5. Loss Functions, Training Protocols, and Computation

Swin-UNETR supports a spectrum of loss functions:

Dice loss: Quantifies volumetric overlap for segmentations.
Focal loss: Addresses class imbalance, especially for small structures (Kakavand et al., 2024, Kakavand et al., 2023).
Mean squared error: For regression tasks (dense error map, denoising) (Salari et al., 2023, Sadikov et al., 2023).
Combined objectives: Many implementations use a weighted sum of Dice and cross-entropy (Heiliger et al., 2022, Garcia et al., 2023, Yang et al., 2024).
Deep supervision: Losses computed at all decoder scales, with exponentially decaying weights for deeper outputs (Yang et al., 2024).

Optimizers are typically AdamW with cosine (or linear) annealing schedules. Batch sizes are 1–8 (memory constrained), patch sizes vary from 64³ up to 128³ depending on modality and hardware (Hatamizadeh et al., 2022, Kakavand et al., 2023, Jiang et al., 2024, Yang et al., 2024). Inference is commonly sliding-window with overlap averaging. Model sizes approach 62M parameters with FLOPS per scan in the range of 393G–395G (Garcia et al., 2023, Tang et al., 2021).

6. Ensemble Learning, Domain Adaptation, and Robustness

Swin-UNETR integrates naturally into ensemble pipelines, often combined with CNN-based networks (e.g., nnU-Net), with late fusion boosting segmentation metrics (mean Dice +2.4pp improvement in AutoPET) (Heiliger et al., 2022). It is robust against domain shift due to hierarchical self-attention and transfer-learning efficacy—performance degrades less than CNNs under new imaging protocols or scanners (DSC drop <8% vs. 15% for nnU-Net) (Jiang et al., 2024, Kumar, 2023, Sadikov et al., 2023).

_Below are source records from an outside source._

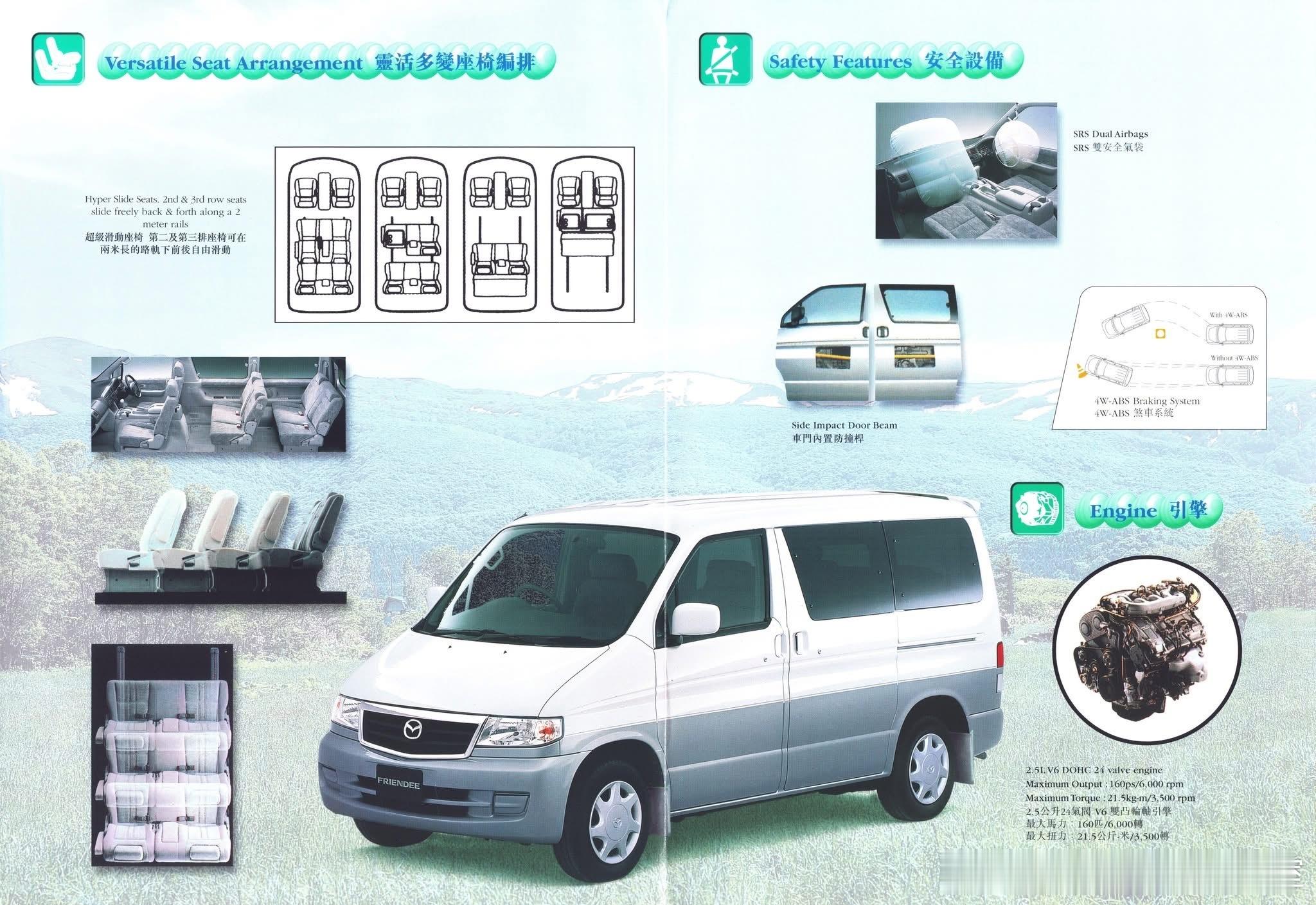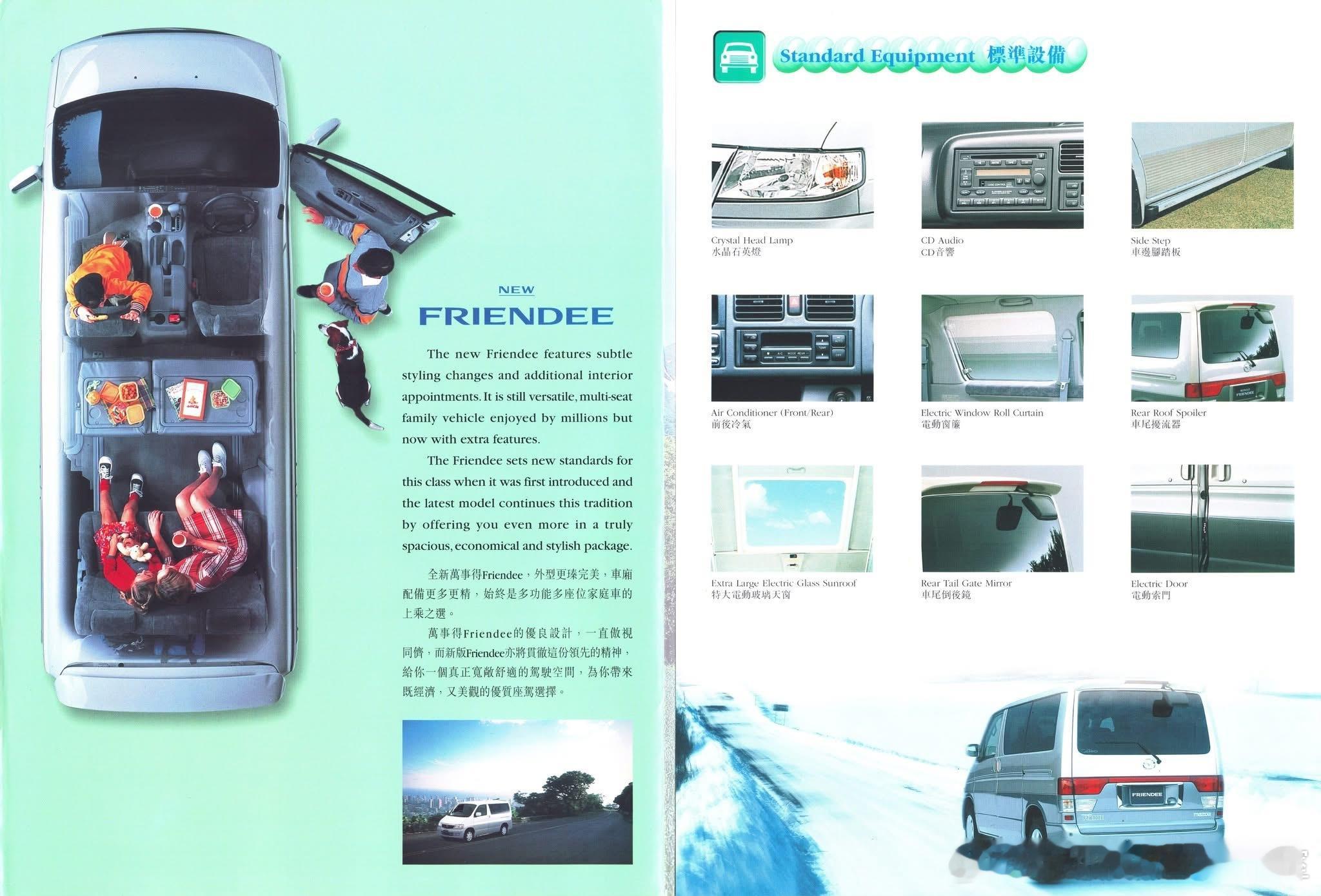 露营圈的鼻祖,马自达Bongo Friendee,简称Friendee,是马自达1995–2005年生产的日式半平头MPV/露营车(1.5BOX布局),基于SG平台(源自初代MPV),后驱/可选四驱,主打8座家用+露营旅居双用途。它开创了“原厂露营MPV”细分:1995年全球首款原厂带电动升降顶+一体化露营内饰的MPV,定义“日式露营车(JDM Camper)”标杆,影响后续丰田TownAce、日产Caravan等竞品。“1.5BOX”半平头布局典范:发动机中置(前后座之间),短车头+大空间,兼顾碰撞安全与车内利用率,成为90年代日系MPV标志性设计。它是 头文字D文化符号,作为拓海家的送货/露营车(四代Bongo),Friendee(同平台)成为JDM文化“全能家用车”代表,风靡日本露营圈与改装圈。2000年后大量Friendee柴油版平行进口至澳洲、英国、中国香港,改装为房车/床车,成为二手露营车市场“保值神车”,至今仍活跃于露营圈。
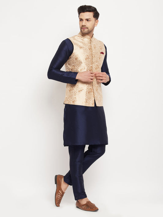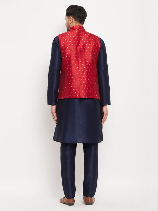 Men's Navy Blue Silk Blend Straight Jacket Kurta and Pyjama Set
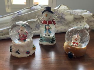 Set di tre sfere di neve a tema natalizio, perfette per decorare la tua casa durante le feste. - Sfera con Babbo Natale. - Sfera con pupazzo di neve. - Sfera con casetta innevata. se desideri posso venderle anche singolarmente

Domain adaptation via single-sample fine-tuning yields additional gains on out-of-distribution datasets (e.g., diffusion MRI cohorts) (Sadikov et al., 2023). Statistical shape modeling and geometry filtering further refine segmentations for biomechanical mesh generation, ensuring high-fidelity and watertight surfaces for FE modeling (Kakavand et al., 2024, Kakavand et al., 2023).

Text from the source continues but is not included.